One notable feature is the high sequence similarity between the proteins of cirsimaritin biosynthesis between C. setidens and C. cardunculus. In functional annotation, the transcriptomes of C. setidens had highest number of sequence matching with the transcriptome of C. cardunculus. In our phylogenetic analysis of CHS and CHI, seven of the eight proteins of C. setidens showed deepest branch clade with the proteins of C. cardunculus.

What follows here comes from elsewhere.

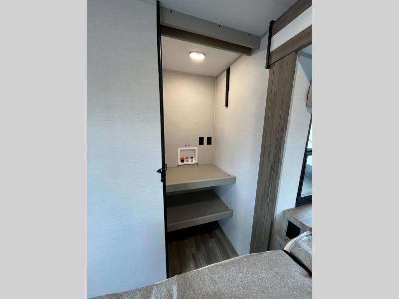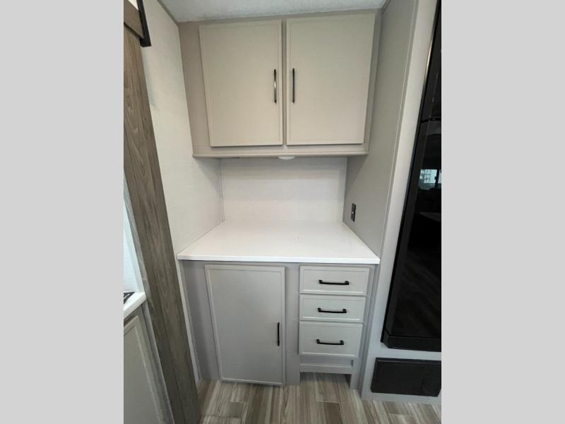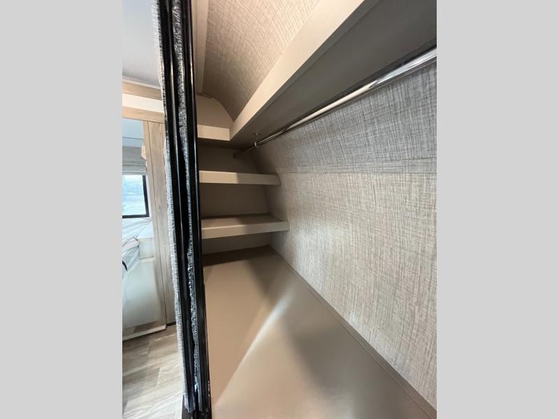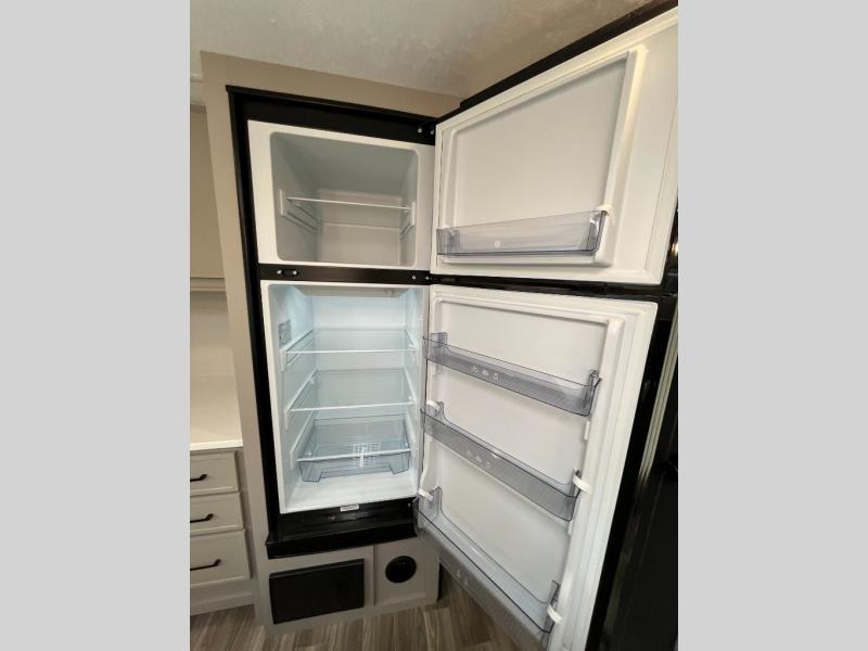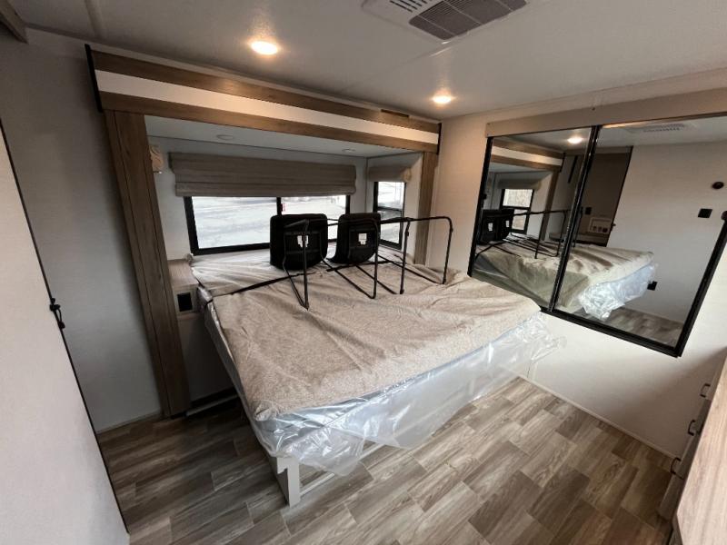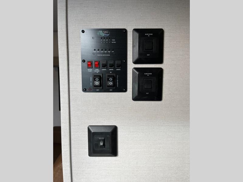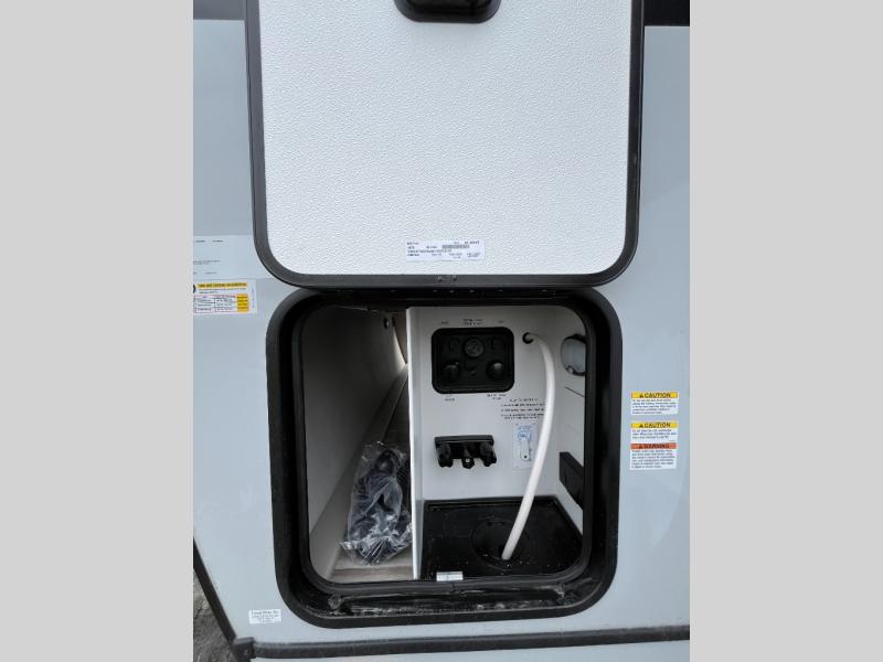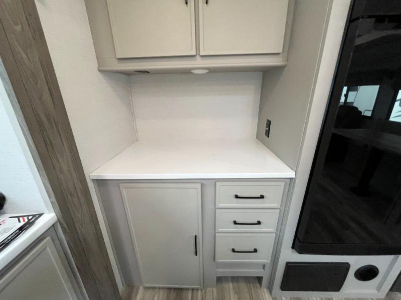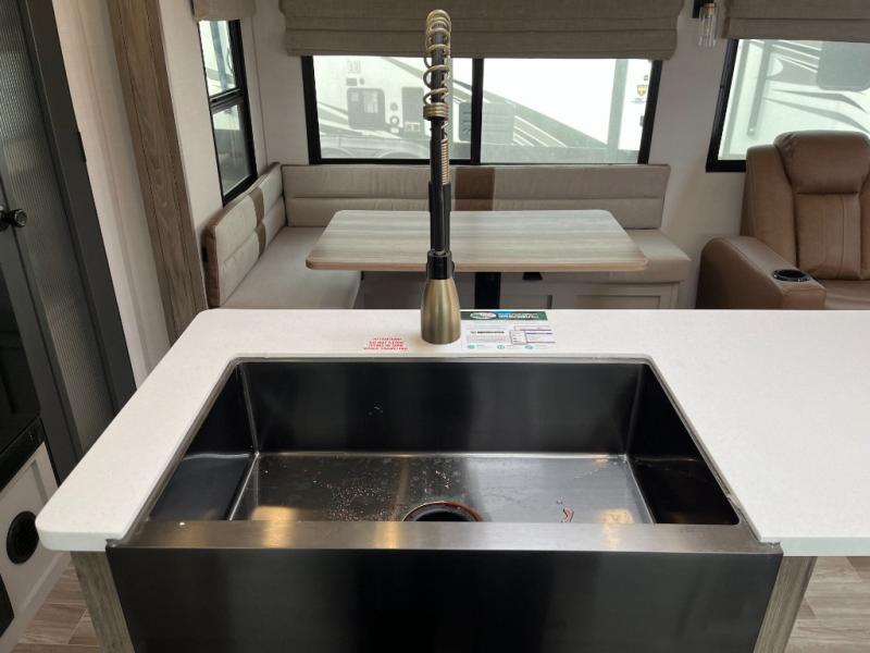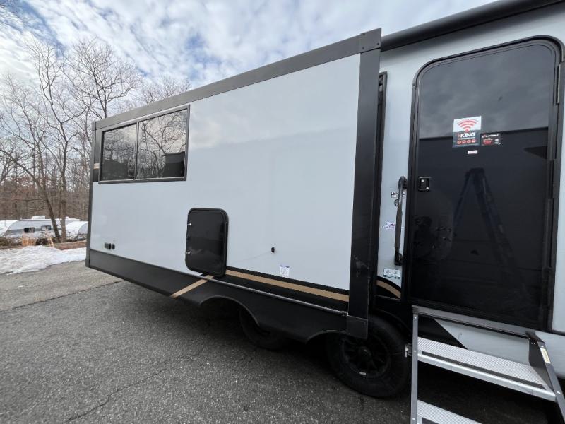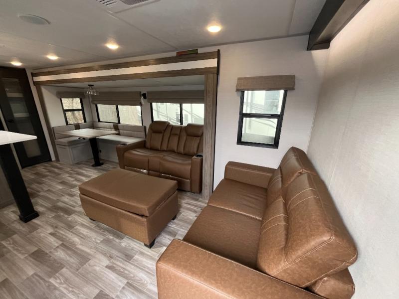 You won't believe all that this travel trailer has to offer! If you need to get some work done then you can utilize the flip-up desk next to the oversized refrigerator and large pantry. The kitchen island makes meal prepping easier, and the beverage cooler helps save space in your refrigerator for perishables. The kitchen skylight brings in natural lighting. Relax each night on either the tri-fold sofa or theater seating across from the entertainment center with a fireplace, or you can play some games at the booth dinette. As you enter the bathroom, you will notice the washer and dryer prep that will give you the ability to add these appliances. The front private bedroom has a custom king bed slide with nightstands on either side with power to charge your electronics while you recharge. The exterior not only has pass-through storage and two awnings, but also a 48" x 48" baggage door!

The common name of the C. cardunculus is cardoon and also called as artichoke thistle. It has been used as folk medicine in Mediterranean region since Roman period (Sonnante et al., 2007). It was known that the cardoon contains variety of bioactive compounds including flavonoids such as naringenin and apigenin, (Silva et al., 2022). Both genera Circium and Cynara belong to the family Asteraceae which is one of the large plant family to contain about 10% of all extant angiosperm species with 250,000 ~ 300,000 species (Mandel et al., 2019). The genera Circium and Cynara are in the same subfamily Carduodeae, tribe Cardueae, and subtribe Carduinae (Herrando-Moraira et al., 2019), thus it is not surprising the close phylogenetic relationships between genes from both species.